Endocarditis Flashcards
What are the two etiologies of endocarditis
- infective (microbial) –> destroys the valve tissue and you get thrombosis and microbes within the vegetation
- non-infective (non microbial)
- verrucous (rheumatic fever)
- atypical (SLE)
- thrombotic-like (marantic)
- verrucous (rheumatic fever)
Contrast subacute and acute in :
- course
- organism
- valve integrity
- symptoms
- valve destruction
- weeks-months v days
- S. viridans (non virulent) v S. aureus (virulent)

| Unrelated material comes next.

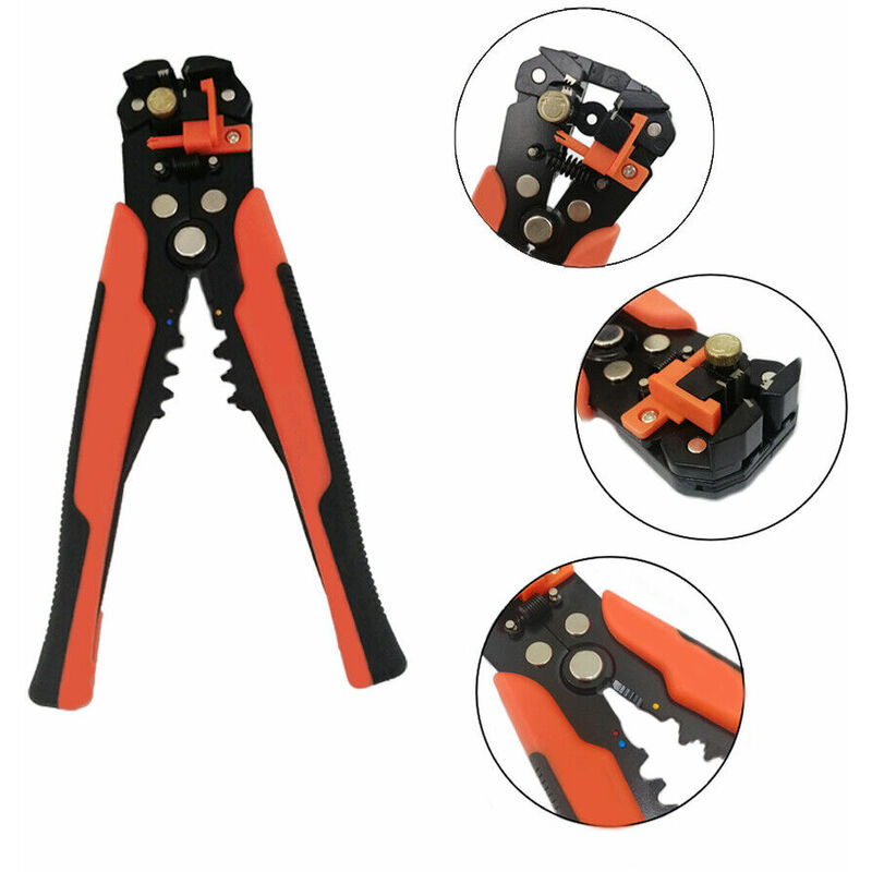 Pinza Spelafili: Realizzato in acciaio al manganese. Perfetto per uso industriale e quotidiano Pinze per spelatura filo 5 in 1, spelatura, taglio e crimpatura. La pinza dentata appositamente progettata e lavorata con precisione può afferrare saldamente e tagliare facilmente i fili (rame o di alluminio). Auto-regolazione: con ganasce autoregolanti ideali per cavi in rame e alluminio da AWG (0,2-6 MM). Manopola girevole microregolatrice a rotella per spellare il filo. Capacità universale: Ganasce in acciaio al manganese Presenta una super durezza (HRC36-42), adatta per il fili (0,2-6,0 mm). Terminali isolati da crimpare: Adatto per (0,2-6 mm Terminali non isolati: idonei per 12-10 AWG (4-6,0 mm) / 16-14 AWG (1,5-2,5 mm) / 22-18 AWG (0,5-1,0 mm): Adatto per 7 -8 mm Impugnatura comfort antiscivolo: Le impugnature touch offrono il massimo comfort e riducono l'affaticamento della mano. Impugnatura in plastica, offre la massima leva (PP e TPR) e un maggiore comfort rendendo la presa

- prior damage to valve v a prior normal valve
- insidious (malaise, fever low-grarde v abrupt (fever, chills, ill)
- mild-moderate v severe
Give the step by step patho of infective endocarditis
- Form non-bacterial thrombotic endocarditis, causing turbulent flow and endothelial damage (resulting in deposits of platelet-fibrin thrombi)
- transient bacteremia results due to mucosal trauma and bacteria released
- bacteria adhere via adhesins/agglutiinins, localizing to the high flow, low pressure side
- vegetation forms here (fibrin, platelets, red cells, bacteria)
- metabolically inactive bacteria can proliferate at these vegetations states
What further conditions can these vegetations bring?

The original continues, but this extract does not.